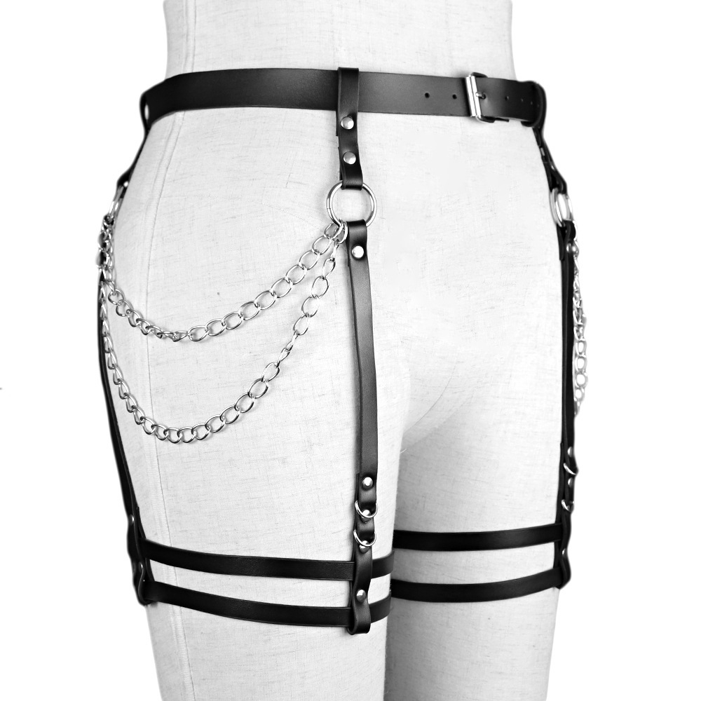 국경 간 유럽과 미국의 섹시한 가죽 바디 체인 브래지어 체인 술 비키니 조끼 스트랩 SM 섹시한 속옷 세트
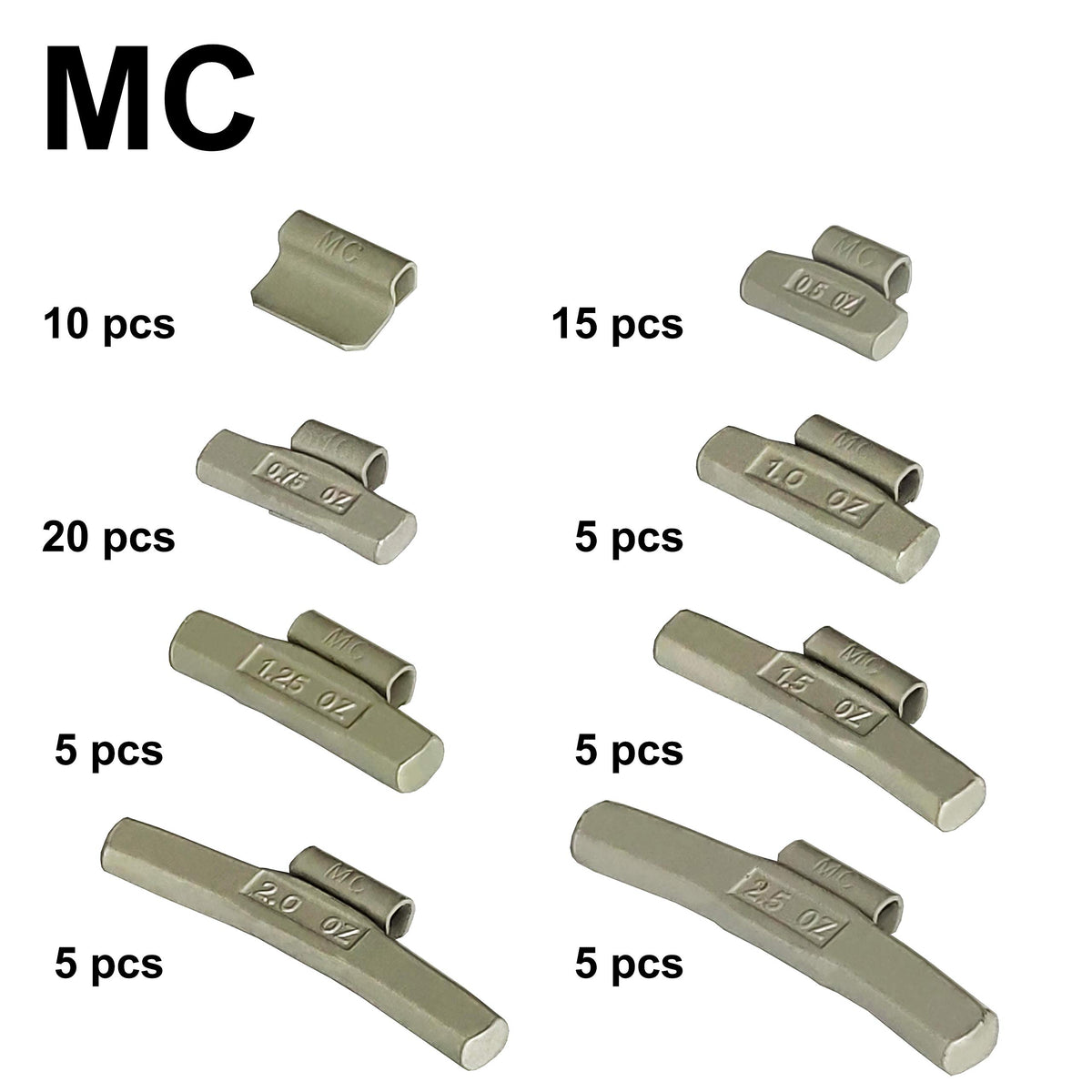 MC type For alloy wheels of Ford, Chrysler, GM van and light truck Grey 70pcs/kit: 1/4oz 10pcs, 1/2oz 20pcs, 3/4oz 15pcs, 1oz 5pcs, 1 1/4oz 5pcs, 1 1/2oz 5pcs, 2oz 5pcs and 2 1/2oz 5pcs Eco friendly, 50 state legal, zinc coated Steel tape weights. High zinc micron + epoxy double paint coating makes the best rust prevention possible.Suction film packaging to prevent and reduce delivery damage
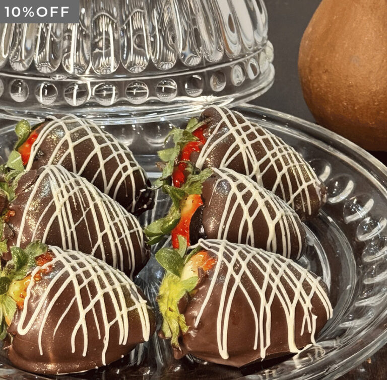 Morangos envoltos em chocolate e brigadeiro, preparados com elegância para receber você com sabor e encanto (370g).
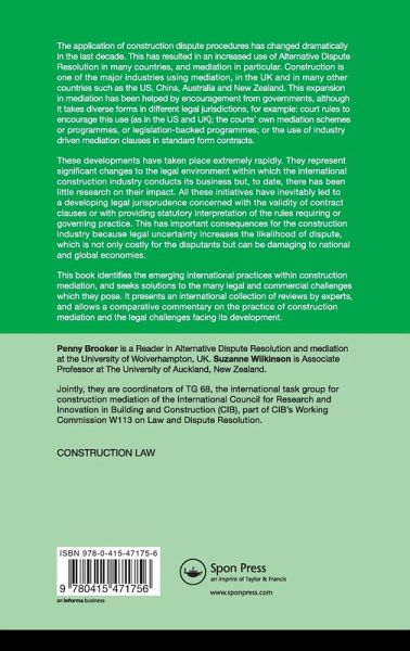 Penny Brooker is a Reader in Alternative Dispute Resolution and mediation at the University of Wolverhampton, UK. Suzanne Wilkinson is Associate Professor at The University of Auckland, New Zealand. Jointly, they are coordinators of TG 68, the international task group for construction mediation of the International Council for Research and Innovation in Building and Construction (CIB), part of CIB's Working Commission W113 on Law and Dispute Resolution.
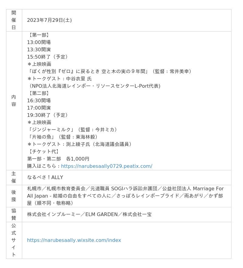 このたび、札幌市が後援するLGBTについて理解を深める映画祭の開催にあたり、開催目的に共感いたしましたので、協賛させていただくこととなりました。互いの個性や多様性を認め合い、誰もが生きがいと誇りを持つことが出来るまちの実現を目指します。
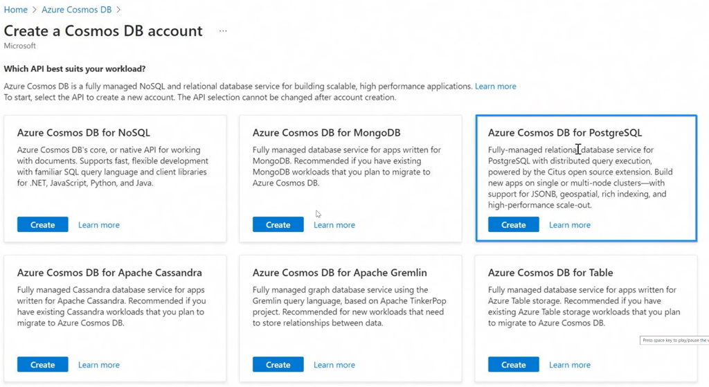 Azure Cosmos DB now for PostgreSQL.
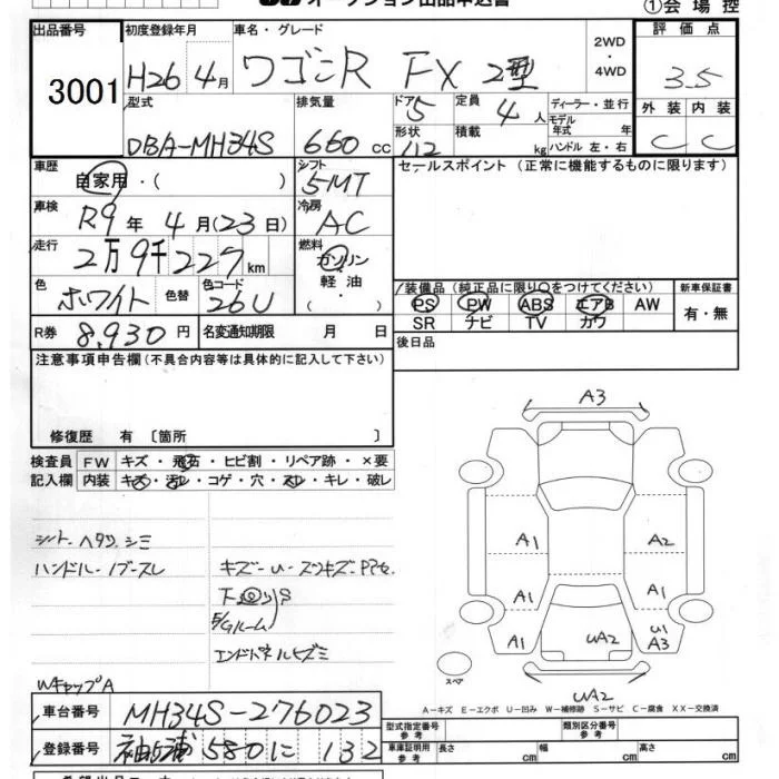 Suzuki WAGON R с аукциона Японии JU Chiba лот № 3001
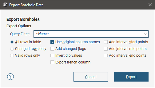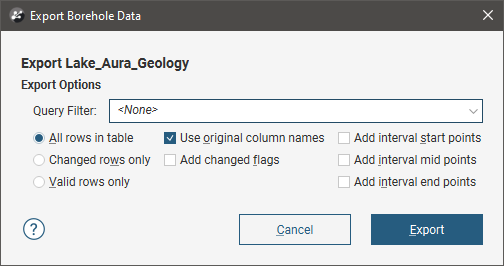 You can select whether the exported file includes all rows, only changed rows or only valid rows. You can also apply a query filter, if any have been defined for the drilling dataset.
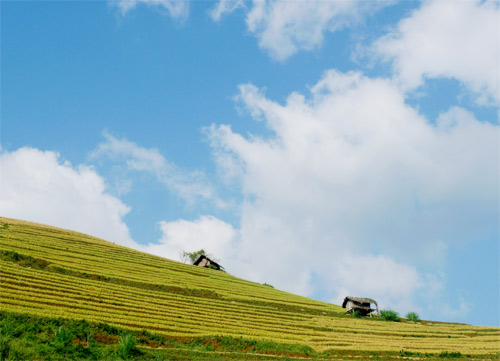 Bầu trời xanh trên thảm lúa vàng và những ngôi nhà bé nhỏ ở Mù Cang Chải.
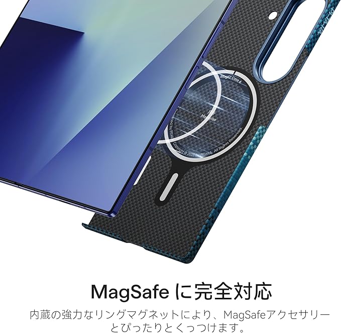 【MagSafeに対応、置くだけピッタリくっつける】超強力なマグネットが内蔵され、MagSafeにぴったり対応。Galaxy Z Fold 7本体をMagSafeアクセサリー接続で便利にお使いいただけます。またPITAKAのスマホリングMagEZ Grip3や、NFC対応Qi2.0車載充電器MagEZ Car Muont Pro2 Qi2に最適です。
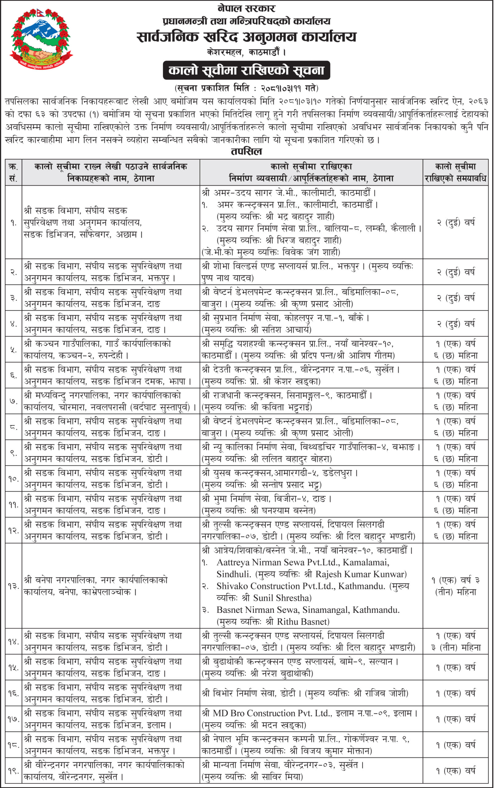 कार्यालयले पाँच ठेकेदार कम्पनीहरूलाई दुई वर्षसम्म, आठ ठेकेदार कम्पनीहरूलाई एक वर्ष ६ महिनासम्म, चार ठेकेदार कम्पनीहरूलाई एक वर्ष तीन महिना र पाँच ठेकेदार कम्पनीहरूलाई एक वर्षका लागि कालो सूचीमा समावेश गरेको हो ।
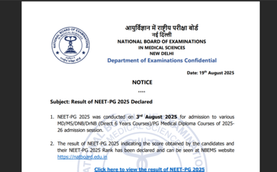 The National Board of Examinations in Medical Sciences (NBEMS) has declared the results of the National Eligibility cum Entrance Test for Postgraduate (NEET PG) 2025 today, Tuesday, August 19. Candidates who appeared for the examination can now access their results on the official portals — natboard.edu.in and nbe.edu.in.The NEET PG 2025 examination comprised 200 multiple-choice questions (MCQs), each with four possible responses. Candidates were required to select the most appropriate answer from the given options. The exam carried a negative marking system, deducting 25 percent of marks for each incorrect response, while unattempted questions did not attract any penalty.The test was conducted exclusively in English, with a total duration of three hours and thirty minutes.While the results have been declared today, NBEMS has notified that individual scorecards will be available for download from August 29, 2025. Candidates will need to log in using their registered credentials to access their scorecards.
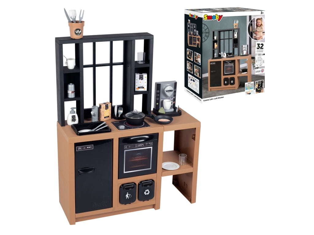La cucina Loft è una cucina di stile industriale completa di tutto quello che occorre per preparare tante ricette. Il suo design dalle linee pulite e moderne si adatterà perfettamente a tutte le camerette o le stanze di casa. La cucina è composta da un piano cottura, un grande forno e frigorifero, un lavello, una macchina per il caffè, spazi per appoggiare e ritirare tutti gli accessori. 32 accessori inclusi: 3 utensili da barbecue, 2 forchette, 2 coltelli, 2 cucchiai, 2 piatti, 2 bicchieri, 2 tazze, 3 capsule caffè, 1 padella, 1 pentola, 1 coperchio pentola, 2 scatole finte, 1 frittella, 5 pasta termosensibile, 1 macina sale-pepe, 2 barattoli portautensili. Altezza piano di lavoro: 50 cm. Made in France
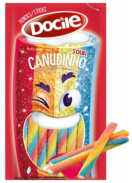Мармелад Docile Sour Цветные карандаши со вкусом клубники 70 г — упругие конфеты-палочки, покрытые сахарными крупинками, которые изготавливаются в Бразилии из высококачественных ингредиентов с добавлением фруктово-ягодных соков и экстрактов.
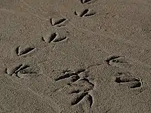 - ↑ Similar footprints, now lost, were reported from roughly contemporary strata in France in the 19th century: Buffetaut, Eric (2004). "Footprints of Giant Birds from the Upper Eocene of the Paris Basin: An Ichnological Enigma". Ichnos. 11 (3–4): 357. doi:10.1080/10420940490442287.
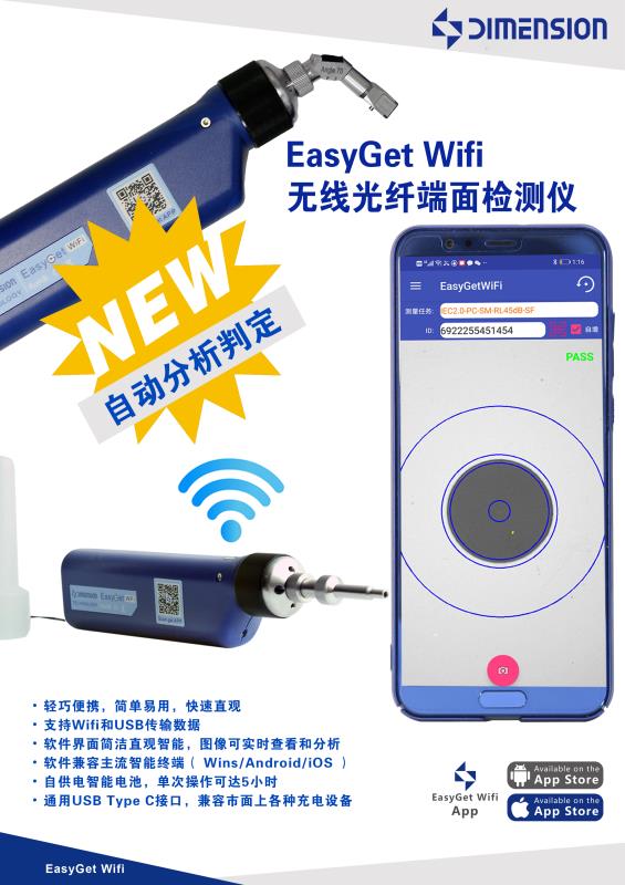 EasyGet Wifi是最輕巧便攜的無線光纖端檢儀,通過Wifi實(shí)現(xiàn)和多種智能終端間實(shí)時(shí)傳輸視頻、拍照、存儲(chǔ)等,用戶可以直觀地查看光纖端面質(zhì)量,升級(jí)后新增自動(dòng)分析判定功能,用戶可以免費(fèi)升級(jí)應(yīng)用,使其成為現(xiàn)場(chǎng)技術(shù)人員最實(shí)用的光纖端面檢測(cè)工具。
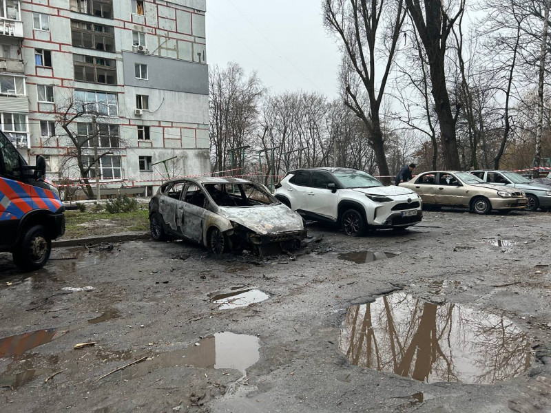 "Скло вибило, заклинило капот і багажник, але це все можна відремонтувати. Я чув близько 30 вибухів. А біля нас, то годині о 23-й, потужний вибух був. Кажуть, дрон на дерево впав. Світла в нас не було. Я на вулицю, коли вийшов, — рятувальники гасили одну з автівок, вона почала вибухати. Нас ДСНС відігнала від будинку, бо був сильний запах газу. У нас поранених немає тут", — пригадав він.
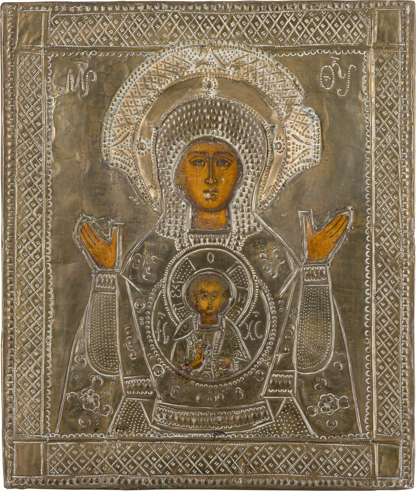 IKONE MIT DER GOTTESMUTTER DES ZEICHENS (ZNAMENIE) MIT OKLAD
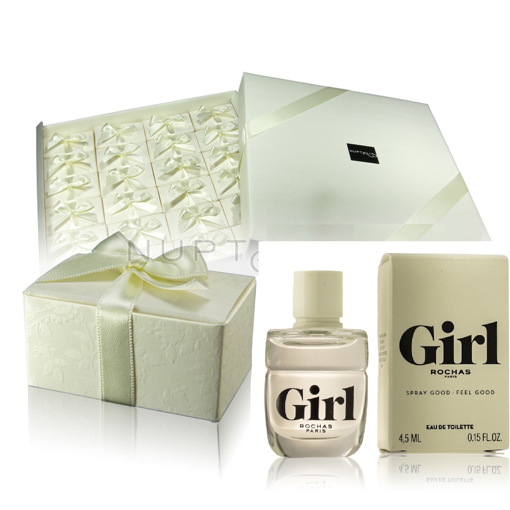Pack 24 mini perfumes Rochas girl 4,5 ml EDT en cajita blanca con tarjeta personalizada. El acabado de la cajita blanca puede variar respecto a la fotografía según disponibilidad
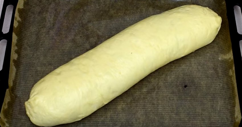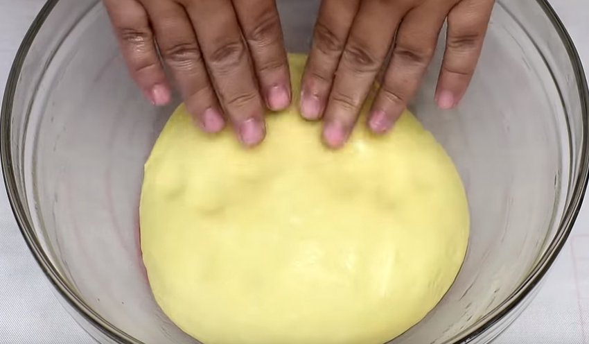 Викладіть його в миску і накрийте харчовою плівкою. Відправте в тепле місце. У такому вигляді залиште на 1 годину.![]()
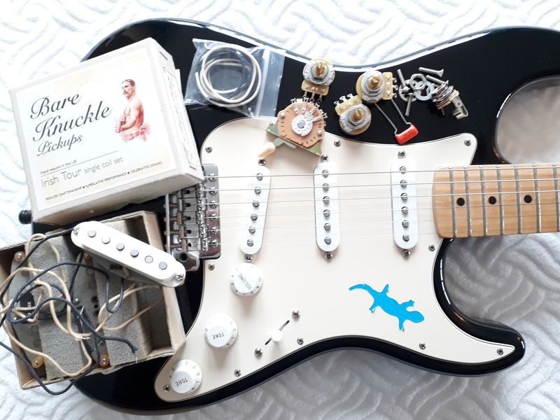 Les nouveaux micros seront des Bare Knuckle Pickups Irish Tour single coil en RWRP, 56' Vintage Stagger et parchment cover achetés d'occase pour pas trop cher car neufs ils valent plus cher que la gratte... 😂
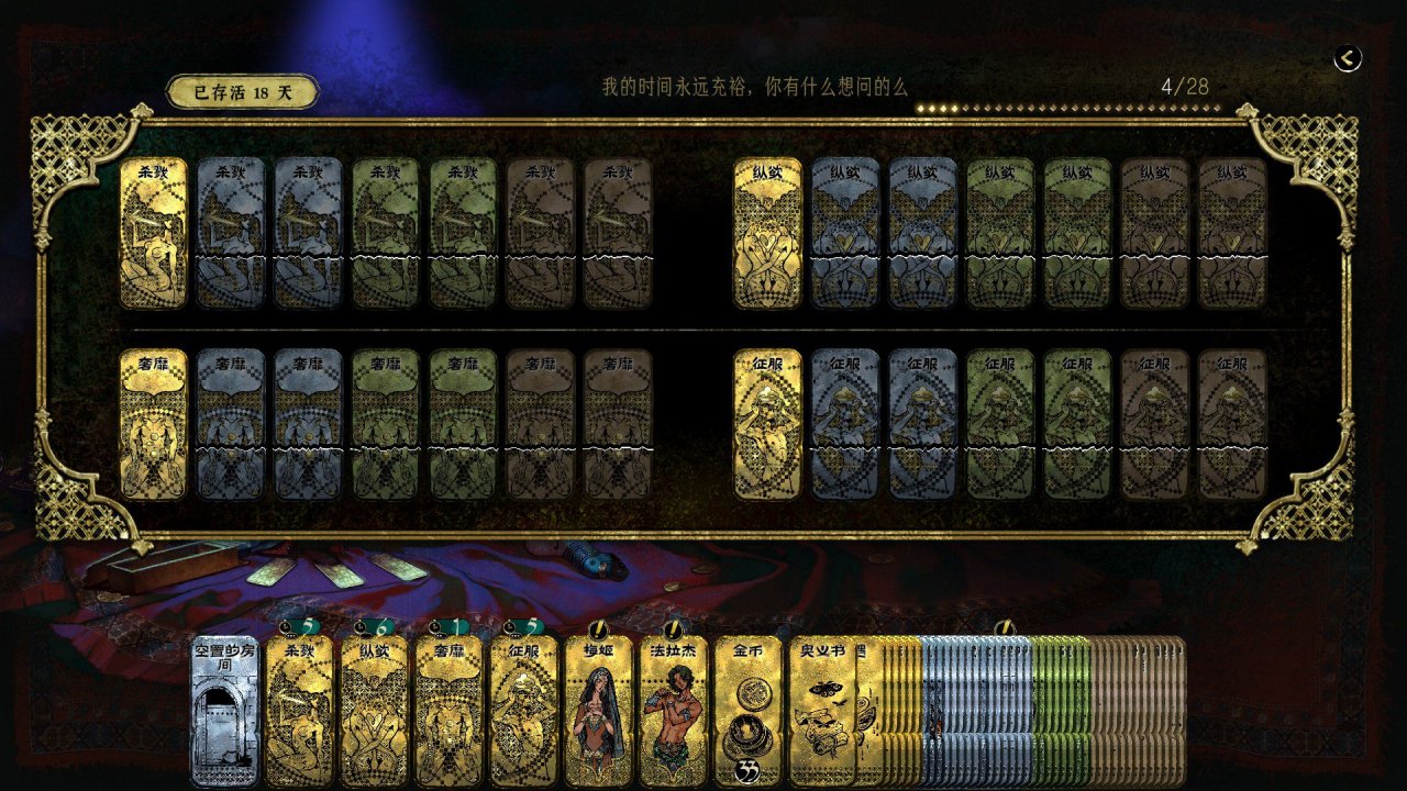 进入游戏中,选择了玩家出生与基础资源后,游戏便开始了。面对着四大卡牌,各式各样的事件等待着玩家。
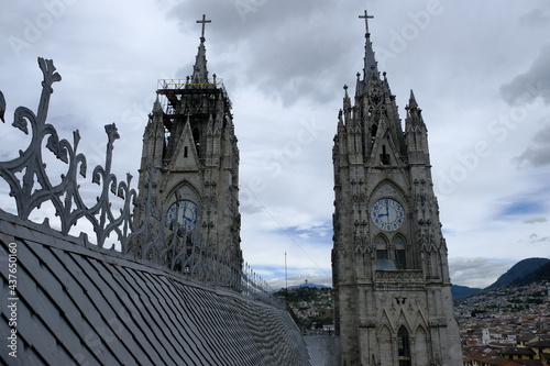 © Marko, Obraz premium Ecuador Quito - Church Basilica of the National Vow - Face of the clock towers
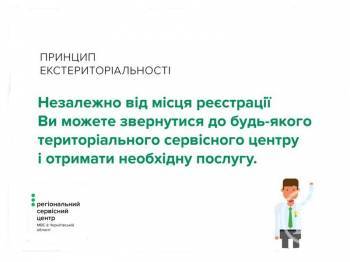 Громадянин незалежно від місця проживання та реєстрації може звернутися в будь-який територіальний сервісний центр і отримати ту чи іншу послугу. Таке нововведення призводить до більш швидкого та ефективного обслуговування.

===

▸ **Work required**
Starting with the opening line of the listing, write out each line exactly until the line that contains "कार्यालयले पाँच ठेकेदार" has been included; skip the pictures.

▸ **Written solution**
 국경 간 유럽과 미국의 섹시한 가죽 바디 체인 브래지어 체인 술 비키니 조끼 스트랩 SM 섹시한 속옷 세트
 MC type For alloy wheels of Ford, Chrysler, GM van and light truck Grey 70pcs/kit: 1/4oz 10pcs, 1/2oz 20pcs, 3/4oz 15pcs, 1oz 5pcs, 1 1/4oz 5pcs, 1 1/2oz 5pcs, 2oz 5pcs and 2 1/2oz 5pcs Eco friendly, 50 state legal, zinc coated Steel tape weights. High zinc micron + epoxy double paint coating makes the best rust prevention possible.Suction film packaging to prevent and reduce delivery damage
 Morangos envoltos em chocolate e brigadeiro, preparados com elegância para receber você com sabor e encanto (370g).
 Penny Brooker is a Reader in Alternative Dispute Resolution and mediation at the University of Wolverhampton, UK. Suzanne Wilkinson is Associate Professor at The University of Auckland, New Zealand. Jointly, they are coordinators of TG 68, the international task group for construction mediation of the International Council for Research and Innovation in Building and Construction (CIB), part of CIB's Working Commission W113 on Law and Dispute Resolution.
 このたび、札幌市が後援するLGBTについて理解を深める映画祭の開催にあたり、開催目的に共感いたしましたので、協賛させていただくこととなりました。互いの個性や多様性を認め合い、誰もが生きがいと誇りを持つことが出来るまちの実現を目指します。
 Azure Cosmos DB now for PostgreSQL.
 Suzuki WAGON R с аукциона Японии JU Chiba лот № 3001
 You can select whether the exported file includes all rows, only changed rows or only valid rows. You can also apply a query filter, if any have been defined for the drilling dataset.
 Bầu trời xanh trên thảm lúa vàng và những ngôi nhà bé nhỏ ở Mù Cang Chải.
 【MagSafeに対応、置くだけピッタリくっつける】超強力なマグネットが内蔵され、MagSafeにぴったり対応。Galaxy Z Fold 7本体をMagSafeアクセサリー接続で便利にお使いいただけます。またPITAKAのスマホリングMagEZ Grip3や、NFC対応Qi2.0車載充電器MagEZ Car Muont Pro2 Qi2に最適です。
 कार्यालयले पाँच ठेकेदार कम्पनीहरूलाई दुई वर्षसम्म, आठ ठेकेदार कम्पनीहरूलाई एक वर्ष ६ महिनासम्म, चार ठेकेदार कम्पनीहरूलाई एक वर्ष तीन महिना र पाँच ठेकेदार कम्पनीहरूलाई एक वर्षका लागि कालो सूचीमा समावेश गरेको हो ।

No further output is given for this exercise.